Die Sphäre (Zeit-Myzel, Seite 31)

Sie verlaufen von Pol zu Pol, sammeln sich zeitweise als bunter Schal am Äquator und führen einen bewegten Tanz auf, wobei die Polregionen alles Licht zu schlucken scheinen und samtschwarz werden. Im nächsten Moment verteilen sich die Farben wieder über die gesamte Oberfläche.

Keiner meiner Gefährten nimmt von dieser Sphäre nennenswert Notiz. Tellerauge interessiert sich im Augenblick für einen unvorsichtigen Hundertfüßler. Fauch sitzt im Sand und leckt ihr Fell. Wibra und Schregg jagen unverdrossen Moskitos. Meine Neugier steht allein. Die Sphäre scheint ungefährlich zu sein; sonst hätte zumindest Tellerauge in irgendeiner Form Alarm geschlagen. Auch scheint die Riesenblase nicht essbar zu sein. Dafür hätte sich Fauch brennend interessiert. Das bunte Farbenspiel scheint nur mich etwas anzugehen.

Meine Gedanken überschlagen sich mit den wildesten Spekulationen über die Natur dieser Sphäre: Ein Ballon, mit dem man die Welt erkunden kann? Ein Raumschiff? Eine Naturerscheinung des hiesigen Meeres, eine gasgefüllte Qualle oder einfach eine Riesenblase, die bald platzen wird?

Ich gehe bis zu den sanft ausrollenden Brechern und winke zu der Sphäre hinüber. Träge ändert sie Richtung und Geschwindigkeit und kommt auf mich zu. Fauch schleicht mit nassen Füßen um meine Beine und schnurrt. Werde jemand schlau aus dieser Katze! Tellerauge tut nach wie vor desinteressiert.

Nach gar nicht langer Zeit schwebt die Sphäre dicht über uns. Ich kann die Wand berühren. Sie fühlt sich glatt, elastisch und feucht an wie die Oberfläche einer prallen Qualle.

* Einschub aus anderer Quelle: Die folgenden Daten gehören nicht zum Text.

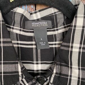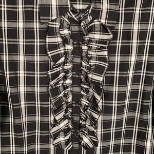 Here is a fun Kenneth Cole Reaction Black Cream Ruffle Shirt size 6 in good used condition with minimal signs of wear.
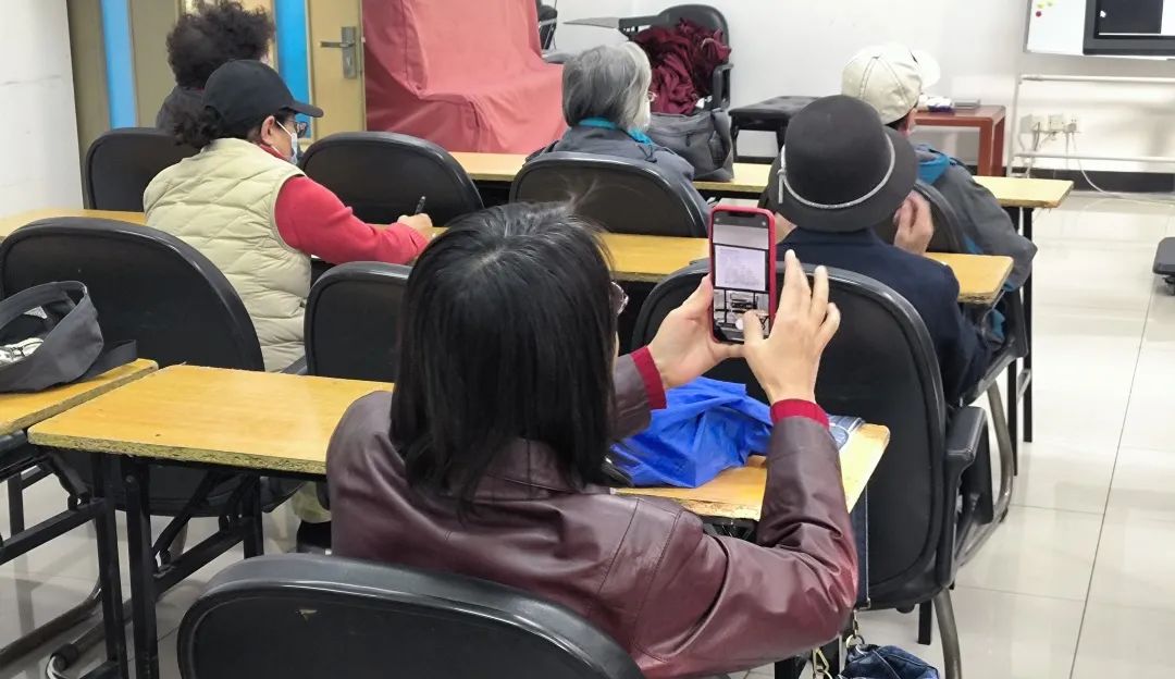 台下老同志认真听讲,拿起纸张认真做笔记,用手机拍下关键知识点,对摄影后期的认识在不断加深。
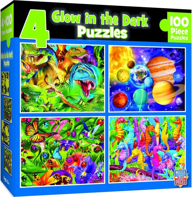 This four-pack of glow in the dark puzzles has a dino scene, a solar system scene, an outdoor scene and a seahorse scene. Fun for sleepovers or for kids who need to stay in bed at night!
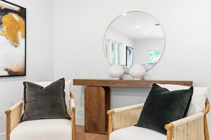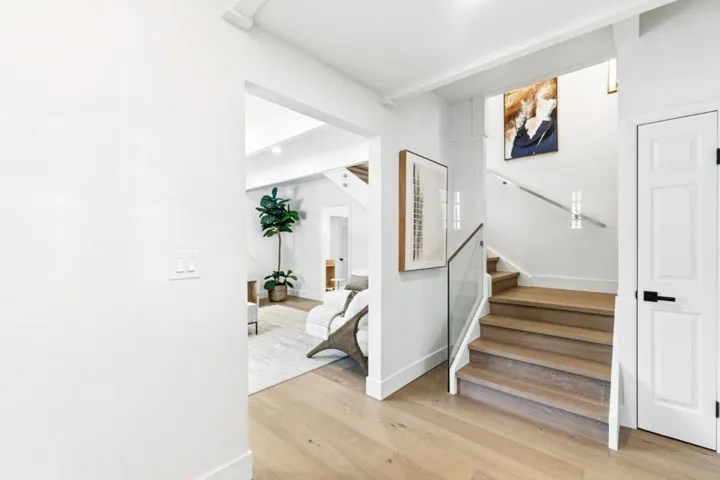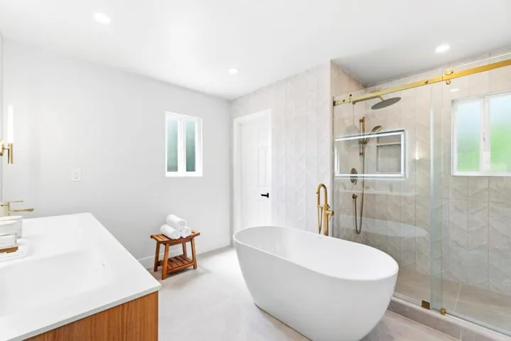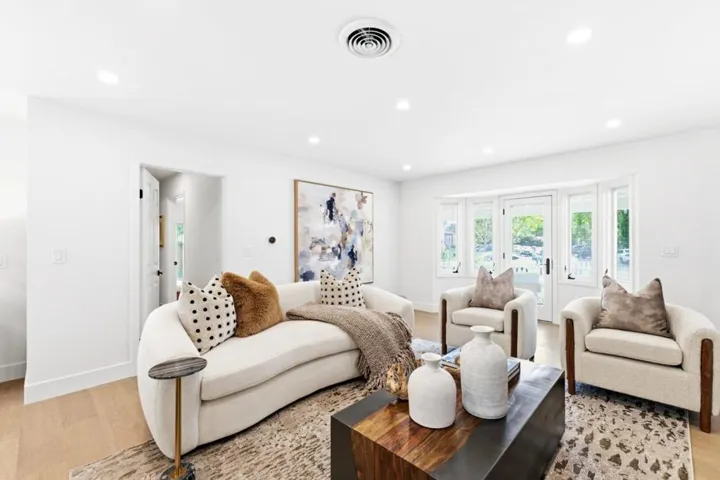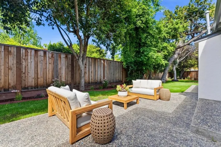 Rare quiet, cul-de-sac privacy, designer upgrades, & future expansion potential in Palo Altos desirable Green Gables. This thoughtfully updated 2-story home offers 3k+ sq ft with 6 BD (incl. 2 en-suites) & 5 BA on an expansive lot surrounded. High-quality materials & top-tier appliances throughout. Chefs kitchen features Thermador high-end appliances, large island, & custom cabinetry. Bathrooms finished w/ Kohler fixtures & Porcelanosa tile. Luxurious primary suite includes freestanding Duravit soaking tub, oversized walk-in shower, dual vanities, designer lighting, & private toilet room. Additional highlights include smart toilets, LED mirrors, & curated finishes across secondary baths. Modern features include floating glass handrail and 2-zone heating system w/ Nest controls. HVAC piping in place for future A/C. Spacious living areas anchored by a contemporary fireplace w/ seamless indoor-outdoor potential via kitchen pass-through. Backyard offers a large lawn ideal for play, entertaining, or pets. Detached office cottage plus a detached 1-car garage. Easy to convert attached 2-car garage into JADU (~400+ sq ft), expanding total to ~3,500 sq ft. Copper plumbing, double-pane windows, newer roof. Close to parks, shopping, commute routes, & top-rated schools.
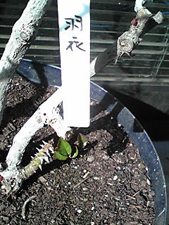 薔薇の芽吹き1号は鉢上げした羽衣!
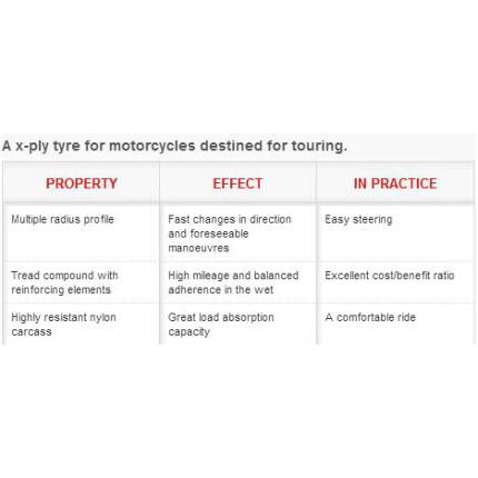 アグレッシブ・バイアス!最新のバイアステクノロジーにアグレッシブなパターンを融合、スポーティバイアスタイヤの新基準。スポーティな断面形状により、軽快なハンドリング、あらゆる速度域でのファンライディングを実現。アグレッシブなトレッドパターンがウェット性能を向上させるとともに、偏摩耗を抑制しランニングコストを低減。ニューシリカコンパウンドが低温時やウェット路面においてもすばやいウォームアップと優れたグリップを実現。軽量バイアス構造があらゆる走行条件での安定した操縦性を発揮。
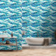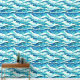 Ideal for any beachy establishment; coastal island restaurant; seaside hotels; lodges; resorts and chalets, this dark and turquoise blue mixed with white mural features horiozontal rolling waves and small white horses flowing from left to right. Bring the beach indoors, with this modern, contemporary and elegant seamless pattern that is easy to peel and stick to both smooth and textured walls.
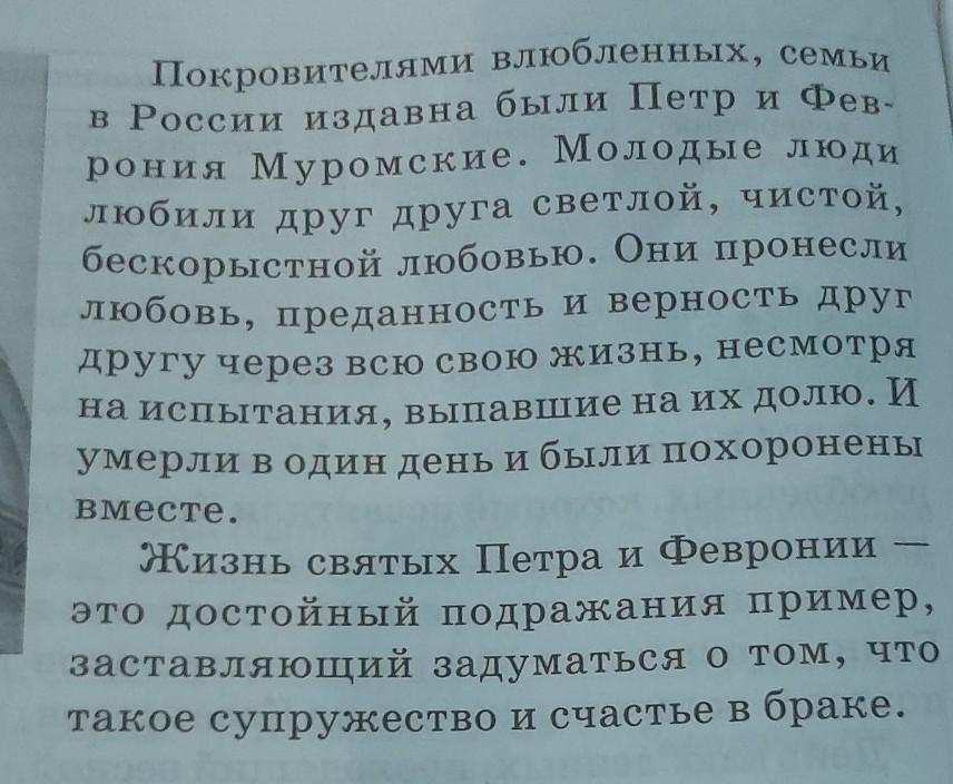 Вот первое предложение:8 июля в Росси празднуется День Петра и Февронии - День семьи,любви и верности.Просто оно не умистилось.
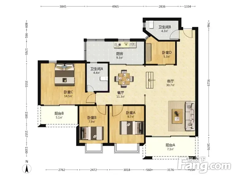海伦堡御院 4室2厅新挂盘 四开间朝南 采光好 不对路 户型

Von der Stelle, die ich betastet habe, verflüchtigen sich allmählich alle Farbschlieren und hinterlassen eine tiefschwarze Stelle. Als ich nochmals hinlange, greife ich ins Leere. Ich kann durch die Öffnung schräg nach oben die Sterne schimmern sehen. Dann geht das Licht an.

Das Licht kommt aus der Decke des Innenraums. Man sieht eine Art umlaufenden Wulst, der bei einiger Phantasie als Sitzbank angesehen werden kann. In Kopfhöhe gibt es "Knubbel", deren Funktion nicht zu erkennen ist. Ich werde an aneinander gewachsene Ohrensessel erinnert.

Vorsichtig steige ich durch die Öffnung ein. Fauch folgt mir, als sei das Ganze die natürlichste Sache von der Welt. Als ich im Inneren stehe, kann ich nach allen Seiten nach draußen sehen. Die Haut der Sphäre ist ein kristallklares, umlaufendes Fenster. Fauch rollt sich zusammen und schnurrt. Es ertönt ein kaum hörbares "Plopp" - die Einstiegsöffnung im Boden ist verschwunden und das Licht geht aus. Das einzige Geräusch ist das Schnurren der großen Raubkatze, die sich auf meine Füße legt, als ich auf der Bank Platz nehme.

In der Mitte erstreckt sich vom Boden bis zur Decke eine sehnige Säule mit verschlungenen Schläuchen und wulstigen Kissen. Das leichte Auf-und-Ab auf den Brandungswellen macht mich schläfrig. Die Sphäre, könnte ich sie steuern, wäre ein Riesenfortschritt bei meinem Vorhaben zu den Menschen zu gelangen. Ich fürchte nur, wir sitzen im Inneren einer riesigen Qualle, die uns einlullt und uns anschließend verdaut. Einmal mehr werden meine Sinne genarrt durch Stimmen und Bilder aus meiner Vergangenheit. Bin ich schon wieder mit einem Rauschgift in Berührung gekommen. "Luft!", denke ich, "die Luft ist verseucht oder wir haben Sauerstoffmangel hier drin".